Is the world ready for the Origami device?

21 Mar 2006|Leigh Marinner

Microsoft just announced an ultra-mobile PC (UMPC) called Origami, which runs a full version of Windows. It will cost around $500 and is slightly bigger than pocket size. You have to attach a separate keyboard, but it has a touch sensitive screen. Origami is made to surf the net, show movies, read email, sync with Outlook and do most of what you would do on a laptop that doesn’t involve heavy text entry. Origami is getting closer to Bill Gates’ vision of a small inexpensive PC, but it needs 3G wireless access in addition to WiFi and Bluetooth to enable people to stay connected anywhere. Pundits such as Ed Hardy of Brighthand are saying “I just can’t see any reason why someone would be willing to pay $500 for a Windows Mobile or Pocket PC device when they could get one running Windows XP or Windows Vista for the same price.”

On the contrary, I think many people will want a smartphone with Windows Mobile 5.0. You won’t always carry your UMPC, but you will always have your phone.

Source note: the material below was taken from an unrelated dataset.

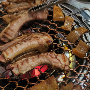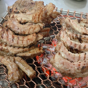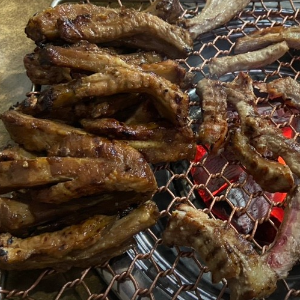 등갈비 주문하면 사모님이 직접 발골해주셔서 먹기 편합니다. 살과 뼈를 어느정도 분리시켜둔 후 조금 더 익혀서 먹었어요. 골고루 익어야 하니까 기다려야 해요. 익은 건 소스그릇에 넣어주시는데 소스를 잘 섞어서 고추 하나 올려서 먹으면 정말 맛있어요. 위생장갑과 면장갑 끼고 뼈를 발라 먹으니 편하네요. 입가심으로 시킨 껍데기는 사장님이 불판에 올려주시는데 뒤집을 타이밍이 되면 말씀해주셨어요. 잘 구워진 껍데기를 콩가루 묻히고 소스에도 찍어먹으면 진짜 맛이 좋습니다. |

And you’ll want to check email, and see your address book and calendar on your phone. It will be interesting to see which devices the market chooses as the options expand – smartphones, laptops, UMPCs, Pocket PC handhelds, iPods, PSPs, portable media or DVD players. I don’t think consumers want one converged device, and just adding functions doesn’t mean success (witness iPod Photo, or Nokia N-Gage). Although consumers can’t reliably tell you whether they would use a device until they actually see it in action and watch what others do with it, in the research we’re doing for our clients we’re beginning to see which way the current is pulling.